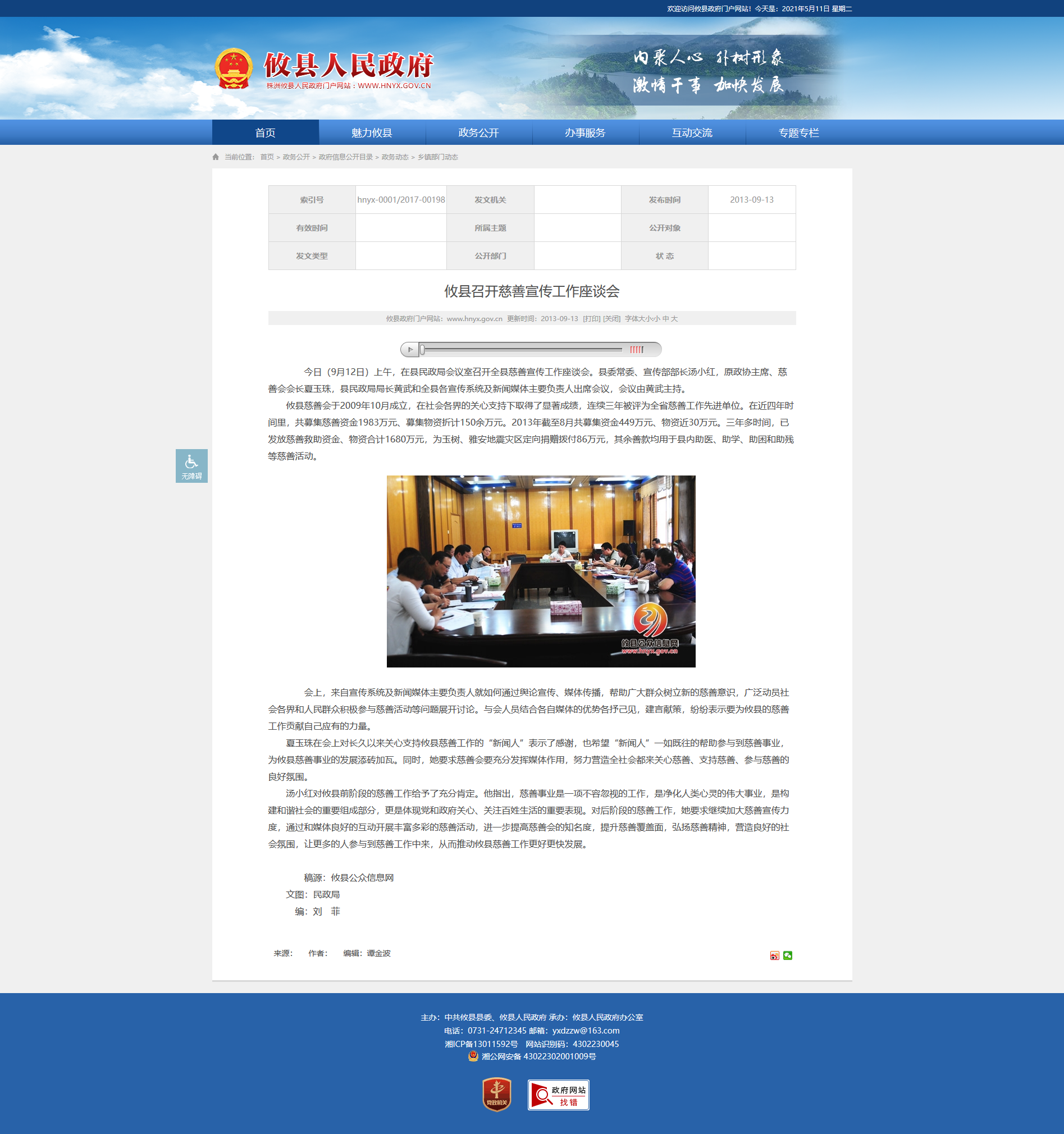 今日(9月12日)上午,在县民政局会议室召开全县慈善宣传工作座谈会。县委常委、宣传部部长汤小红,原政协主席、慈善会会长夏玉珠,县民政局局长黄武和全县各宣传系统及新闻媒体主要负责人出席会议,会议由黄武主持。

#####

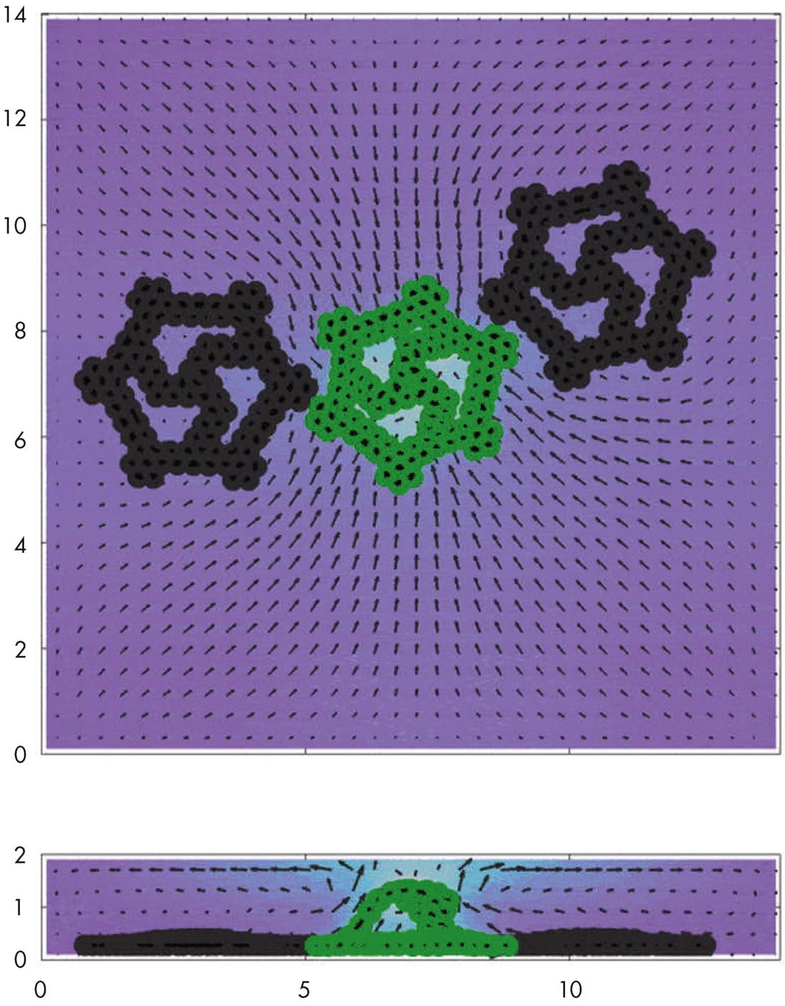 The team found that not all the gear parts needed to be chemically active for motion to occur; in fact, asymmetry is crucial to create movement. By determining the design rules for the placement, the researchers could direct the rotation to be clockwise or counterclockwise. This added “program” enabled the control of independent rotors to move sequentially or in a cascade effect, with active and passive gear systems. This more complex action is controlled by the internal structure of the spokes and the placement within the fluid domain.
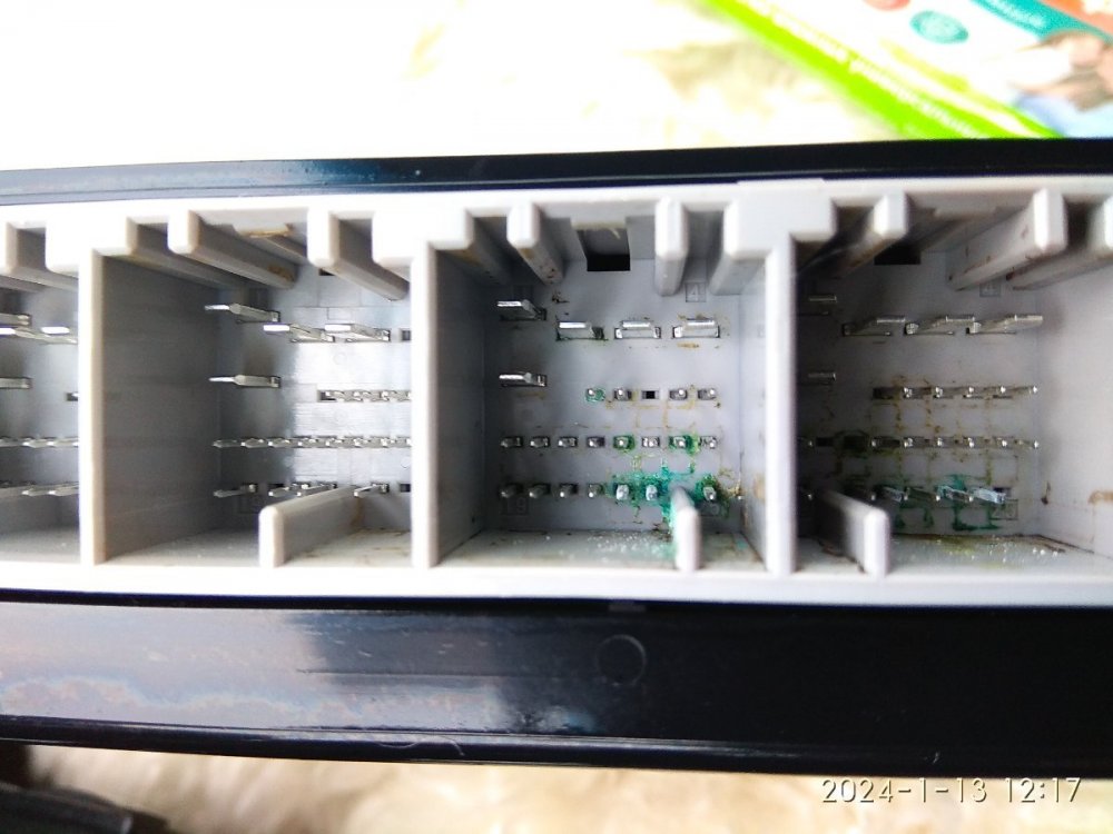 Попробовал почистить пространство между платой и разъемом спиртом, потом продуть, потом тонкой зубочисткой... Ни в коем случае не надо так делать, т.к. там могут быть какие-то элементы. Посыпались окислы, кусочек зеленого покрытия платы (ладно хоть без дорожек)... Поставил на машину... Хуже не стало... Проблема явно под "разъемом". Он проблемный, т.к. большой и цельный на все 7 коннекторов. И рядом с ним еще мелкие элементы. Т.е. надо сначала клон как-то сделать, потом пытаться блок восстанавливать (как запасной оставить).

#####

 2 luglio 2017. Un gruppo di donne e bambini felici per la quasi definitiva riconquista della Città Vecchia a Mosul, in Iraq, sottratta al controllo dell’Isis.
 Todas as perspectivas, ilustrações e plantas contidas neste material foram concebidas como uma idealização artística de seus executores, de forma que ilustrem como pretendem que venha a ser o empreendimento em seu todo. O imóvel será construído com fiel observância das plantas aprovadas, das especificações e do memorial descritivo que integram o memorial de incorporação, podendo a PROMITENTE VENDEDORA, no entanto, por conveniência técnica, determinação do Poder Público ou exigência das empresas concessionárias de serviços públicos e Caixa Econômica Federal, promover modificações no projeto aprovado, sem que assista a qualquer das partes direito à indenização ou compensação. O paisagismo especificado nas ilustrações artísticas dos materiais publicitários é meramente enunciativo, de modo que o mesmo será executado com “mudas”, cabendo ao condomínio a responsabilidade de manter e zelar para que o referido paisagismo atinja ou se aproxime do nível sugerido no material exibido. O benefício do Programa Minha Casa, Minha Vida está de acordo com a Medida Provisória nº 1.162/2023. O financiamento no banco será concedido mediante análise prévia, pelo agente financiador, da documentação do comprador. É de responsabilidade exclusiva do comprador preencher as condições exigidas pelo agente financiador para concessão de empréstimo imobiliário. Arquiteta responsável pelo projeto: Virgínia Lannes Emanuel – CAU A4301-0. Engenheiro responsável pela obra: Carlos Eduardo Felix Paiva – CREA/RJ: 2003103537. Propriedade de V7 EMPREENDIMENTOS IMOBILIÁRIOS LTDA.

#####

Retype only the lines above from the one with "The team found" through the one with "Попробовал почистить пространство", exactly and with both ends. Images stay out.

• Output below
 The team found that not all the gear parts needed to be chemically active for motion to occur; in fact, asymmetry is crucial to create movement. By determining the design rules for the placement, the researchers could direct the rotation to be clockwise or counterclockwise. This added “program” enabled the control of independent rotors to move sequentially or in a cascade effect, with active and passive gear systems. This more complex action is controlled by the internal structure of the spokes and the placement within the fluid domain.
 Попробовал почистить пространство между платой и разъемом спиртом, потом продуть, потом тонкой зубочисткой... Ни в коем случае не надо так делать, т.к. там могут быть какие-то элементы. Посыпались окислы, кусочек зеленого покрытия платы (ладно хоть без дорожек)... Поставил на машину... Хуже не стало... Проблема явно под "разъемом". Он проблемный, т.к. большой и цельный на все 7 коннекторов. И рядом с ним еще мелкие элементы. Т.е. надо сначала клон как-то сделать, потом пытаться блок восстанавливать (как запасной оставить).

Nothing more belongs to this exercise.